A revisionist Russia and a rising China pose different types of challenges to America, she added. But viewing them as solely military enemies is a strategic flaw in the current U.S. policy. Though China is a competitor, America needs its cooperation on such issues as climate change, nuclear nonproliferation, North Korea and even Iran.

Russia and President Vladimir Putin, on the other hand, continue to meddle in elections and democracy in the United States and elsewhere, she said. Russia, therefore, needs to be treated differently.

Flournoy said it would be foolish for the United States to restart an arms race with Russia. She is concerned about what happens to the New START (New Strategic Arms Reduction Treaty) when it expires in February 2021. The current administration has suggested it will let the treaty lapse to pursue another agreement involving the United States, Russia and China.

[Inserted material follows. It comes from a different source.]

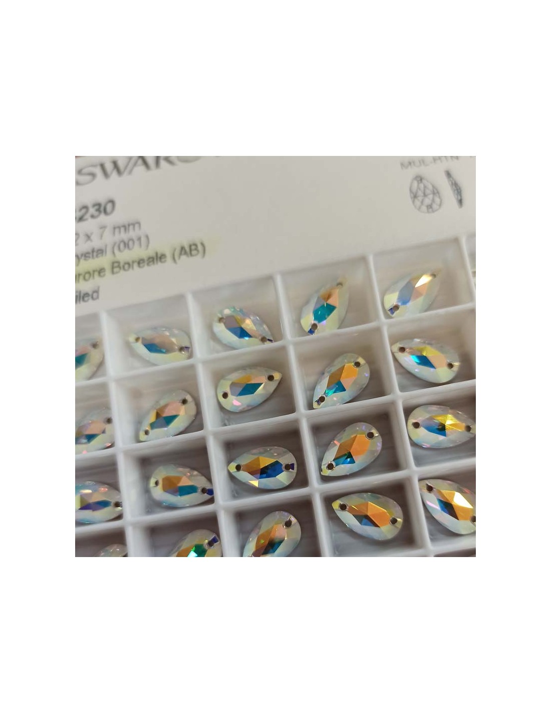 La pietra da cucire a forma di Goccia in Cristallo Swarovski Crystal Aurora Boreale viene fornita in pacco da pz. 1

“If New START is allowed to expire, we’ll find ourselves back in a nuclear competition with Russia,” she said, suggesting that the United States and Russia would be much better off to sign a five-year extension for START.

Countries like Russia and China have cyber capabilities that could hinder how the United States projects military power beyond its shores, she pointed out.

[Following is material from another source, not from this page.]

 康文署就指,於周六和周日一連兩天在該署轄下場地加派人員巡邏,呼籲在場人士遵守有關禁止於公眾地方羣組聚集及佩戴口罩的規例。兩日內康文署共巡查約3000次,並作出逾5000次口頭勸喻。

American leadership needs to better understand how cyber and space issues could be involved in contemporary conflicts, she said. Talking candidly with the Chinese, for example, about the American casualties that could result from possible cyberattacks on the U.S. homeland would make the point that cyberwarfare is fundamentally unacceptable, she added.

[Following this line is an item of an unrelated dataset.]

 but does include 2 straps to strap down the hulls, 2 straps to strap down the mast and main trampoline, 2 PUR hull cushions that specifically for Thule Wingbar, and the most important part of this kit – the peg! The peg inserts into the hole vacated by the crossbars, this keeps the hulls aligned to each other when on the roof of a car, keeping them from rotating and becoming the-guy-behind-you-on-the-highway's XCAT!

“We have to be having those strategic discussions,” Flournoy said, “and we’re not.”

During the Cold War, for example, the United States and the Soviet Union had successful dialogues on how to prevent nuclear miscalculations that could have resulted in an all-out war, said Flournoy, a co-founder of the think tank Center for a New American Security.

China today is different from the former Soviet Union, she said. Unlike during the Cold War, a U.S. containment approach toward China is not possible, Flournoy said.

“We need an affirmative agenda and a much more deeply engaged diplomatic relationship with China,” she said.

Innovation, brainpower

In America, investing in innovation and brainpower – and allowing immigration to grow the economy – is important. However, China and Russia, she noted, will take advantage of America’s open society and systems, especially in a globally connected and integrated world.

But a “sledgehammer” approach in terms of U.S. policy is not the answer. A more precise approach would work better, Flournoy said. In other words, if the United States launches broad measures against China – such as cutting off all Chinese investment in tech companies – that would dry up needed funding for those American companies.

“We need to be clear-eyed and also very careful that we don’t lose all the benefits that we’ve gained from the free flow of people and ideas,” she said, describing herself as an optimist who values higher education, technological progress and an engaged diplomatic strategy.

She added that America needs to be the “champion of universal human rights” around the world.

Flournoy formerly served on the President’s Intelligence Advisory Board, the CIA Director’s External Advisory Board and the Defense Policy Board. She is a member of the Council on Foreign Relations and holds a position on the Leadership Council for Women in National Security. Flournoy is advising U.S. Sen. Kamala Harris of California, a current presidential candidate, on foreign policy issues.

By tradition, the Drell lecturer addresses a national or international security issue that has important scientific or technical dimensions. Recent speakers have included Alex Stamos (2018), Bob R. Inman (2017), Ashton Carter (2015) and Vinton G. Cerf (2014).

Flournoy’s talk is available on video.